約154年間月次データを使用して検証を行いました。

月次データを使った長期バックテストでは、論文で言われる以上の「安心感」を得られました。

バックテストの比較

検証データ 成功率 成功 失敗 データ数
全ての検証 97.97% 1541 32 1573
抜粋での検証 97.79% 1417 32 1449
ぜんきち
ぜんきち

年次データの95%を超えました

月次の方が良くなった!!

この結果で、FIREを想定した、下落局面の引退を除いたケースにおいても約1450例もあります。

下落局面を除くと、成功例を除くことに繋がりましたが、約97.8%を付けたのは、うれしい結果です。

月次データが年次データを上回った理由
結論は「資産をリスクにさらす期間が月次の方が長かった」からです。
年次データでは、1年分の生活費を1年のどこか1回で取り崩しを行い、毎月の生活費に充てるため、引き出してから「現金」としておく時間が長くなります。
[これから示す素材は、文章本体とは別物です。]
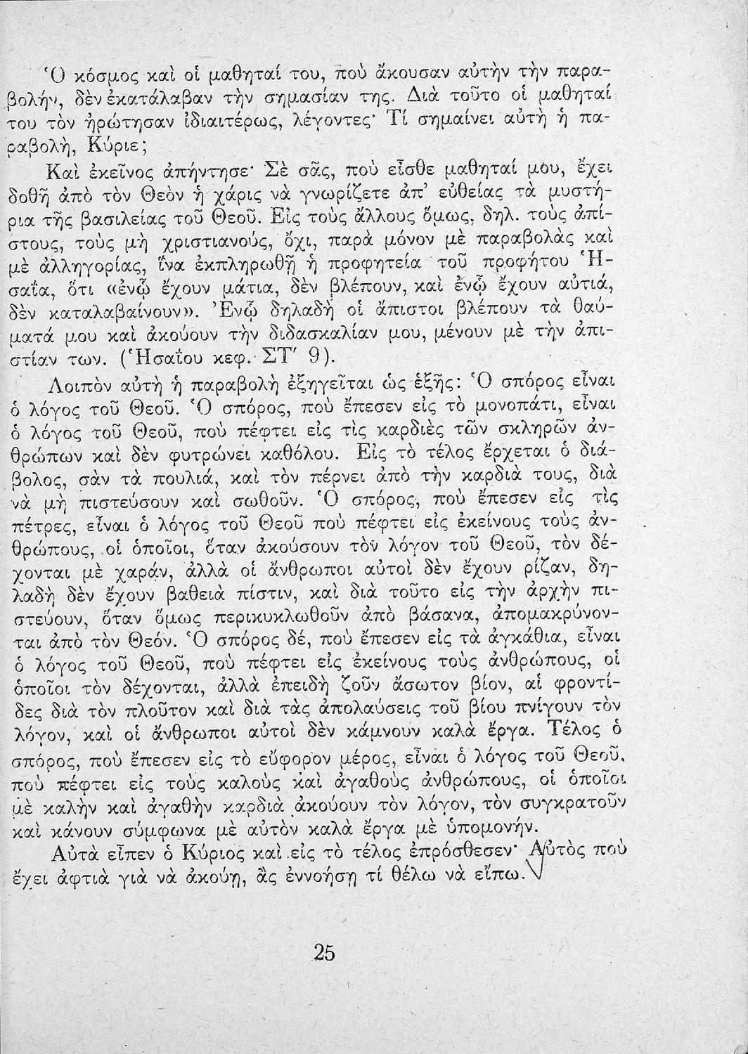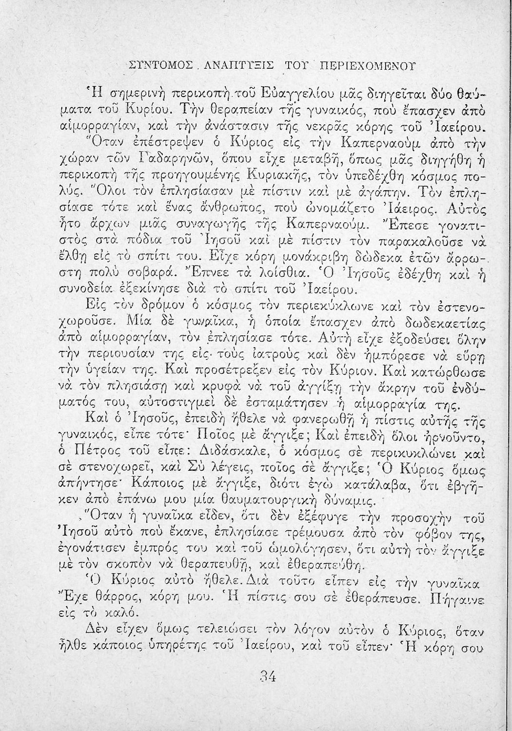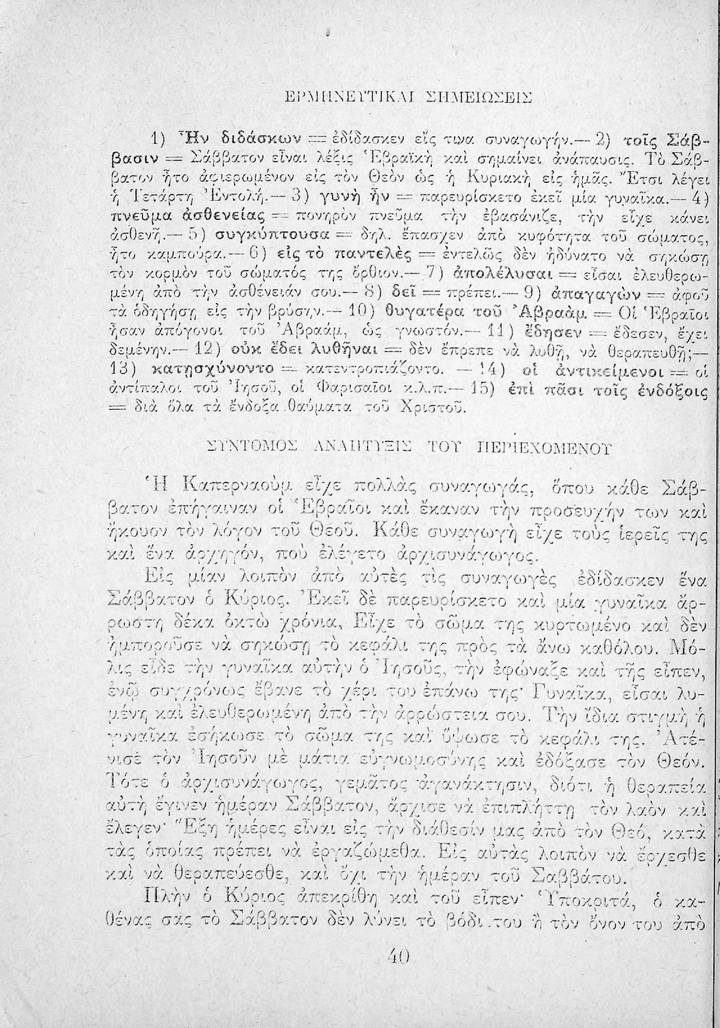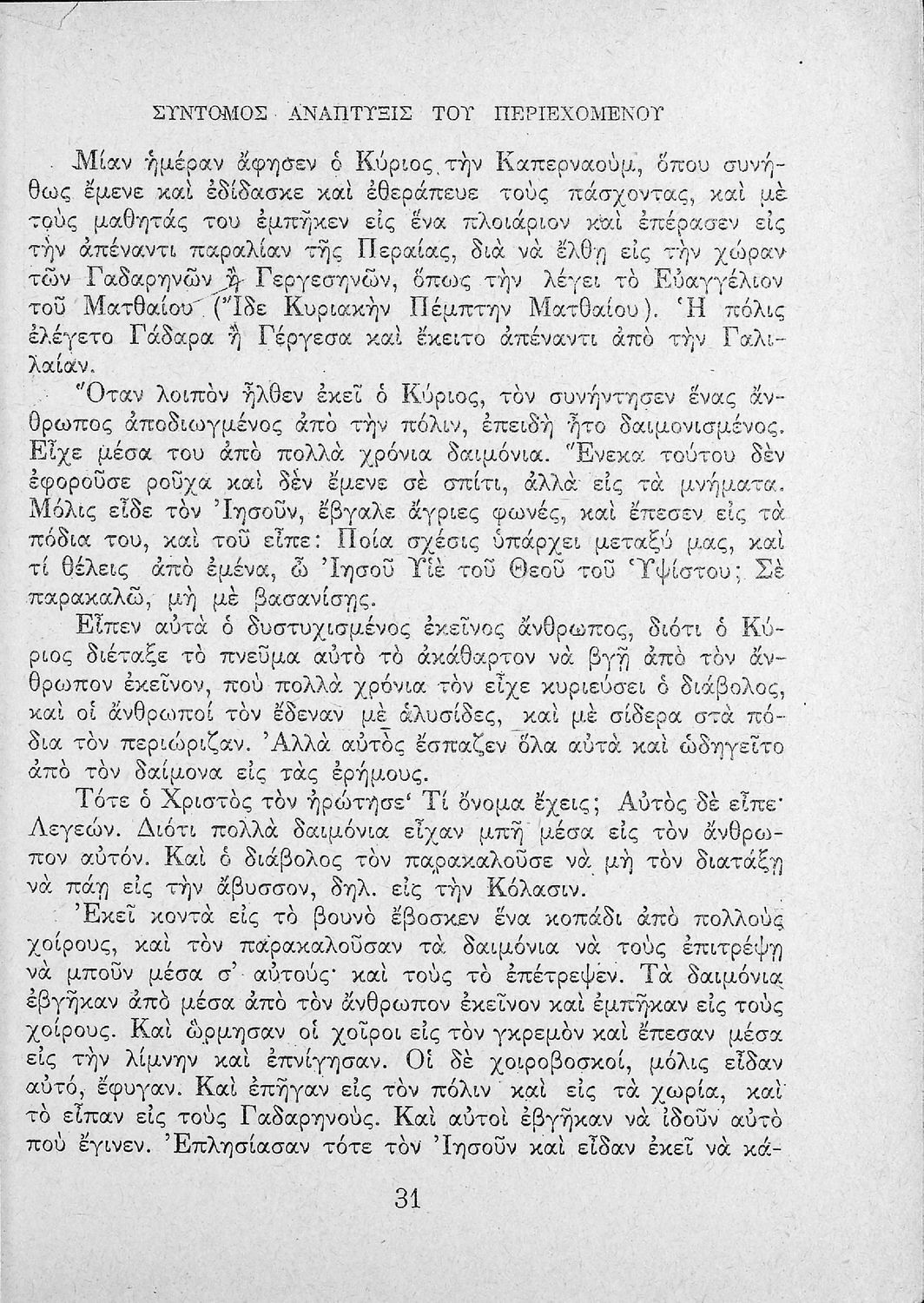 Το σύγγραμμα ήταν μαθητικό βοήθημα για το μάθημα των Θρησκευτικών. Περιέχει κείμενο, σχόλια των Ευαγγελίων

一方、月次の取り崩しでは、月の生活費以外を市場のリスクにさらされているため、成功率が上昇しました。

このデータでは、リバランスを行っていません

そのため、リバランスを行える余裕があれば、成功率を100%へ近づけることができます。

  • 月次データとすると成功率が上昇する

 このデータの注意点

ドットコムバブルリーマンショック直前直後の取り崩しバックテストがない。

取崩期間を30年間とした場合、ドットコムバブルが起きる直前となる1998年から取崩しを行う想定ができません

最も、最新のもので取り崩し開始が1995年6月からのケースとなります。

特に、検証できなかったのが悔やまれる時期は、リーマンショックがある2008年以降です。

失敗のケースで、同じ特徴となるのは取り崩し始めた直後から2〜3年間の株価低迷という共通の相場環境があるからです。

では、取り崩しを失敗したケースを分析してその共通点を次に解説します。

  • 近年の暴落バックテストができない

4%ルールが失敗した時期の共通点とは?

月次の4%ルールが失敗した場合における、取り崩し開始時期はこちらです。

取崩年
1929 1,2,3,4,5,6,7,8,9,10
1930 3,4,5
1965 5,9,10,11,12
1966 1,2,4
1967 9,10
1968 9,10,11,12
1969 1,5

歴史的に「4%ルール」がうまくいかなかった取崩し開始時期を振り返ると、いくつかの共通点が見えてきます。

具体的には1929年大恐慌前後や、1965〜69年アメリカ経済の低迷が代表的です。

これらの時期に共通していた特徴を整理すると次のようになります。

失敗の3つの共通点

  • 株価が高値圏
  • インフレが上昇
  • 株安とインフレの「ダブルパンチ」
4%ルールが失敗の時期
出典:macrotrendsデータ加工

1.株価が高値圏にあった

1929年や1965年のアメリカ株式市場は、景気が良く株価も高値を更新していた時期でした。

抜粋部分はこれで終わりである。